Cometió su primer crimen en enero de 1974 y empezó a lo grande, con un cuádruple asesinato, el de una familia entera, a la que estudió durante meses antes de actuar. Para sí mismo, la llamó su “proyecto”.

Los cuatro miembros de la familia Otero estaban desayunando cuando Rader llamó a la puerta. Abrió Joseph, el padre, y se encontró con un hombre que le apuntaba con un revólver. Tal vez creyendo que se trataba de un robo común y corriente, Joseph retrocedió sin intentar nada.

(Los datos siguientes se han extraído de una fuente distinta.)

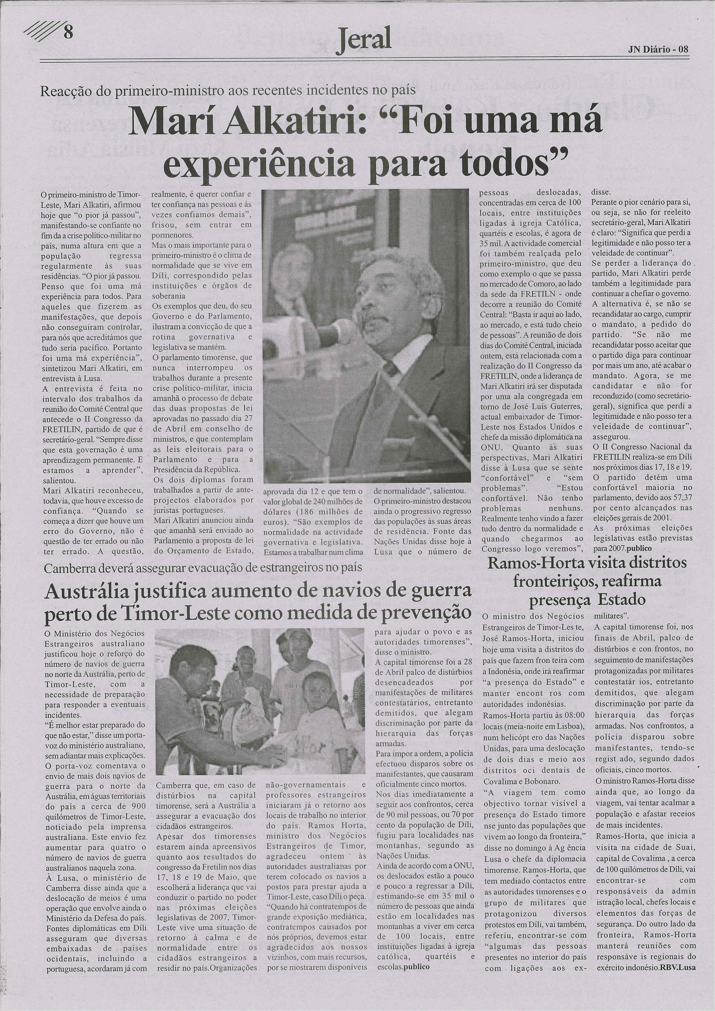 Instituição: Arquivo & Museu da Resistência Timorense Pasta: 10268.081Título: DiárioData: Terça, 16 de Maio de 2006Observações: anúncio na pág. 1; anúncio na pág. 3; anúncio na última página; Fundo: Arquivo da Resistência Timorense - Jornais Timor TelecomTipo Documental: IMPRENSACota Original: DIA_2006_05_16Direitos: A publicação, total ou parcial, deste documento exige prévia autorização da entidade detentora.

Rader obligó al padre a atar a su mujer, Julie, y a sus dos hijos Joseph II, de nueve años, y Josephine, de 11. Luego él mismo ató a Joseph y ahí empezó el infierno.

Primero torturó a los padres simulando que iba a violar a los dos chicos. Eso duró un rato. Cuando se cansó del criminal juego, le puso una bolsa de plástico en la cabeza a Joseph y la ató al cuello para que se asfixiara. Mientras el padre boqueaba, Rader maltrató a la madre. Una vez satisfecho, la asfixió estrangulándola con sus propias manos.

Después estranguló a Josephine con una soga que aflojó cuando la creyó muerta y finalmente asfixió al hijo más chico de la misma manera que al padre, con una bolsa de plástico en la cabeza.

Se estaba por ir cuando se dio cuenta de que Josephine todavía respiraba. Entonces la desató y la llevó al sótano de la casa, donde la terminó de estrangular.

 

Dos hermanos y una pausa

Ese 4 de abril de 1974, alrededor de la 1 de la tarde, Kathryn Bright, de 21 años, y su hermano Kevin, de 20, entraron al departamento de Kathryn y fueron sorprendidos por un hombre armado que obligó a Kevin a atar a su hermana para luego llevarlo a él a otro cuarto.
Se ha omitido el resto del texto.